More directly affecting Shashamane was the land reforms under the Derg. The land given to the African diaspora was essentially considered voided under the Derg, with all land taken under state control with intent to redistribute to the peasantry. The uprising that soon choked off the cities from the countryside greatly diminished the Derg’s de-facto control over this, but almost immediately, the two-hundred hectares legally owned by the diaspora was reduced to a paltry eleven.
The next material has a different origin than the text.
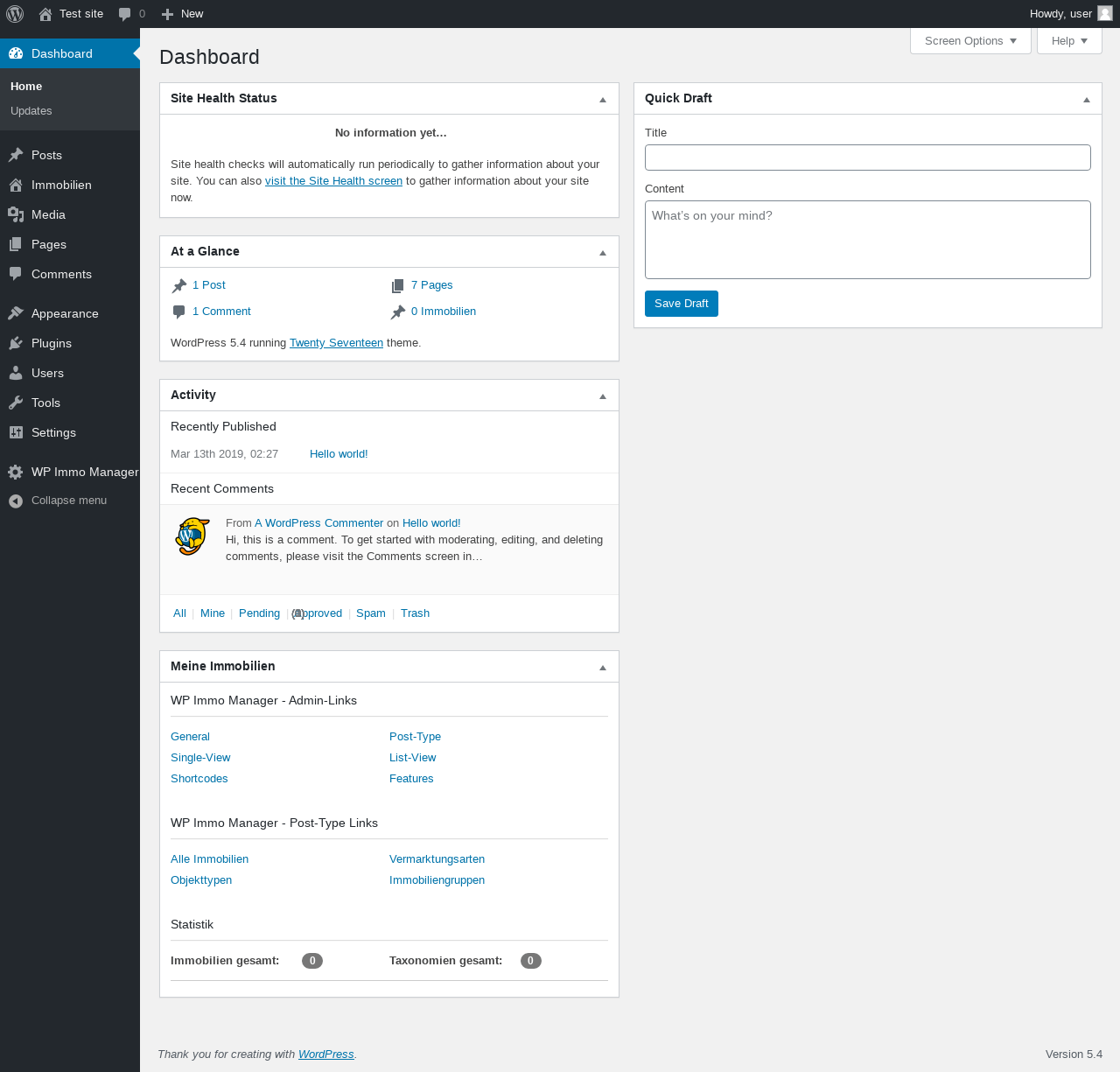 Does WP Immo Manager work with WordPress 5.4 and PHP 7.2.16? A smoke test was performed on .

What also didn’t help was the lack of official citizenship among many of the diaspora, leading to increased persecution and sapping the numbers of Rastafari living in the community.

The Derg formally came to an end in 1987, though having merely reformed as a ‘civilian’ government, it was not until 1991 that they were officially driven out of Ethiopia, and a political transformation was allowed to take place. In these 17 years, interest in Shashamane had largely waned, and even with the stabilisation of Ethiopia, few were eager to rush back to the promised land and continue settling.

Post-Derg Shashamane

The next group of Rastafarians to arrive in Shashamane came from Jamaica in the early 1990s. Travel to the town had ceased almost entirely during the Derg era, leaving a strong generational divide of around twenty-years between the ‘old settlers’ and the new. Strife and conflict erupt from this divide, particularly as those who lived through the Derg years may well have reason to denounce the younger generation as ‘entitled’, having never had to fight for their promised land.

The numbers have continuously dwindled, now only standing at a scant few hundred, though their influence over the region is marked. One doesn’t need to travel far to see the pan-African colours or images of Bob Marley or the deceased prophet. Indeed, Shashamane’s become something of a tourist hotspot for many! There are very few places outside of Jamaica where Rastafari influence is so blatantly visible.

A possible boon for the future of Rastafarianism in Shashamane is the 2017 decision to allow residents of the region to obtain ID cards. This is essential, as up until now, residents existed in a legal limbo where they would be subject to fines upon traveling across borders due to their lack of official residency and would be denied many fundamental citizenship rights. While the ID card does not make them official citizens, it aids in granting them basic rights, they are owed and recognises their existence more formally on Ethiopian soil. One can only hope that this spells a brighter future for the Zion of Africa.